DDoS protection solutions are built with this scalability concern in mind, already designed to be cost-efficient and scalable, providing expanding protection depending on what an incident requires. Multiple strategies are implemented to effectively respond to massive dynamic denial-of-service attacks. This usually entails cloud-based protection, traffic scrubbing, automation, collaborative threat intelligence, and the use of a global network of servers. Modern DDoS defenses anticipate the ever-expanding capabilities of attacks to maximize protection.
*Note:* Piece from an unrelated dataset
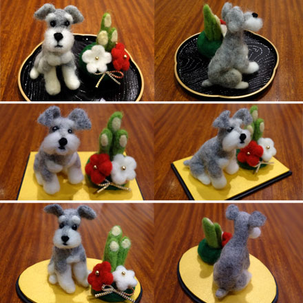 今年さいごの産経学園羊毛フェルト講座、無事に終了いたしました! お顔の仕上げを残すのみとなっていたシュナウザーくん、2時間近くかけてお顔をつけ全体の修正や仕上げをしました。 門松飾りもつくって、完成した干支飾りセットがこちらーーーっ めちゃくちゃかわいいーー 上の2匹は、それぞれご自身でご用意してくださった飾り台にのせて お顔も体型もちょっとずつ違う・・・3匹それぞれがとってもチャーミングで、文句のつけようがありません これが初めての羊...

Multiple Layers of Protection are Necessary to Deal with Multiple Vectors
Modern DDoS makes use of various vectors to attack the different layers of a network at the same time. The attacks can target network bandwidth through volumetric assault, which saturates networks with immense amounts of traffic. There are also TCP SYN/ACK reflection attacks, which are designed to exploit TCP handshakes by transmitting a huge number of SYN or ACK packets to impair the ability to complete handshakes.
Additionally, modern DDoS attacks employ a number of amplification strategies. They can make use of UDP reflection, DNS amplification, and HTTP(S) application layer attacks. UDP reflection or amplification sends requests to servers that appear legitimate but are actually aimed at causing network congestion at the target. DNS amplification utilizes DNS server exploits to overwhelm the target with massive DNS response traffic. HTTP(S) application layer attacks, on the other hand, send huge amounts of HTTP(S) requests that appear legitimate but are actually meant to exhaust application layer capacity.
Moreover, advanced DDoS attacks employ ICMP floods, SSL/TLS attacks, and layer 7 targeting. ICMP floods overwhelm the Internet Control Message Protocol with echo request packets that can saturate bandwidth and cause network disruptions. SSL/TLS attacks similarly disrupt networks by interfering with the SSL/TLS handshake process used in establishing secure connections. Meanwhile, layer 7 DDoS attacks mimic legitimate user behavior to exhaust application resources and create anomalies in functionality.
In response to these multi-vector attacks, DDoS solutions come with a host of new functions including traffic filtering, rate limiting, SYN/ACK filtering and limiting, and IP address spoofing and filtering for vulnerable UDP services. Firewalls have also evolved into web application firewalls (WAF) capable of distinguishing malicious from legitimate traffic. Additionally, advanced DDoS defense systems provide ICMP filtering, connection limits, and timeout mechanisms, SSL/TLS offloading, and a combination of behavioral analysis and rate limiting to provide application-layer protection.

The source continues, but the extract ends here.